“……挺好的。”
季柕狐疑:“挺好的你怎么这个表情?”
赵正德松了松嘴角的肌肉:“回皇上的话,奴才就是刚在外边冷风吹太久了,面儿上有些僵。”
“前三甲都是哪些个人?”季柕收回视线,将一旁已经置凉的茶水送至嘴边。
愈近鼻间,醇浓的茶香便愈显浓烈,杯盏周身弥散着被浸润后而蕴发的果气,倒是在一嘴清苦的茶水间平添了几分甜腻。
“回皇上的话,分别为平宸王肖世子,礼部侍郎的二公子和鸿胪寺卿的大公子。”
季柕饮茶的手一顿:“这些个人朕好似不甚熟悉。去年的武状元呢?还有卫将军家的那位小子?”

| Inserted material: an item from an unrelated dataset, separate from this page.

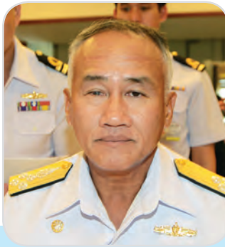
๑๕. พลเรือเอก ไกรสร จันทร์สุวานิชย์ สมาชิกสภานิติบัญญัติแห่งชาติ

赵正德沉默一瞬,支支吾吾回道:“呃……大抵是正好今日身体不适,最后几箭都可了惜地射空了。”
“原是如此。”季柕沉思一番:“那今年这些个倒也是有本事,虽是钻了个空,但想来这一年没少花心思。”
空气突然静默一瞬。
赵正德迟疑地附和:“应当是的,吧?”
季柕倒也是奇了怪了,赵正德跟着他这么些年也不见像今日这般:“你倒更是奇怪得很,下午难不成出了什么朕不能知道的事?”
“没有啊。”赵正德望天。
季柕:“……”
“明日朕要做些什么?”
“回皇上的话,明日上午赛马,下午比射术。”赵正德伏下身等待指示:“不知皇后娘娘那边皇上要如何安排?是要继续病着吗?还是……”

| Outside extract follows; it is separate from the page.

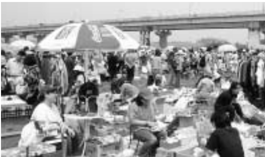
大賑わいのガラージセール

好評の「ガラージセール」を5月27日、江戸川河川敷多目的広場で開催します。市民による出店数は250店を予定。持ち寄られる品物は、書籍、衣類、おもちゃ、食器、電化製品など掘り出し物でいっぱいです。市民におなじみのリサイクルイベントです。お気軽にお立ち寄りください。 【日時】5月27日(土)9時～14時 雨天時は6月3日(土)に順延 【場所】江戸川河川敷多目的広場 問 リサイクル推進課 ☎50-6084

“让皇后明日出来,朕倒是想瞧瞧这些大臣家中儿孙的水平到底都如何了。”
赵正德还剩下一半的话重新憋回了肚子里,欲言又止。
季柕没再抬头看他,阖上桌前的书页放置在一旁的书摞顶端,继而从桌后走出。
宽长的衣摆随着他走动的步姿曳出利落的弧度,收紧的束腰将他劲瘦的腰间一并勾勒出来,继而往下便是一双隐匿于袍间的长腿。虽不可见,但随步间倒也不难想象。

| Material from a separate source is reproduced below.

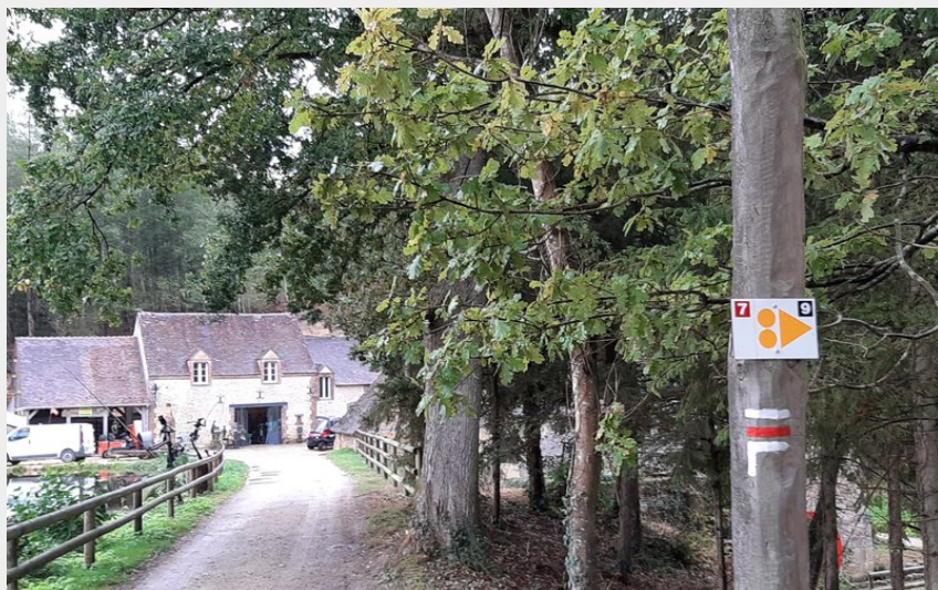
La Brasserie du Perche

Communauté de Communes des Hauts du Perche

赵正德将桌上的笔墨整好,便只听得屏风后传来窸窣的声响,男人高大的身影在屏风后若隐若现,声音不疾不徐:
“备水。”
*
虽说是被明面上强制‘病危’的人,但简昕会随着他的意乖乖待在自己的帐子里吗?
当然不会。
简昕围着整间营帐转溜了一圈,才在一角的矮榻后找到个小缺角。
这一块垂下来的长度较之于附近短了不少,掀起来倒也不容易闹出太大的动静,小心行事应当惊不动门口守着的人。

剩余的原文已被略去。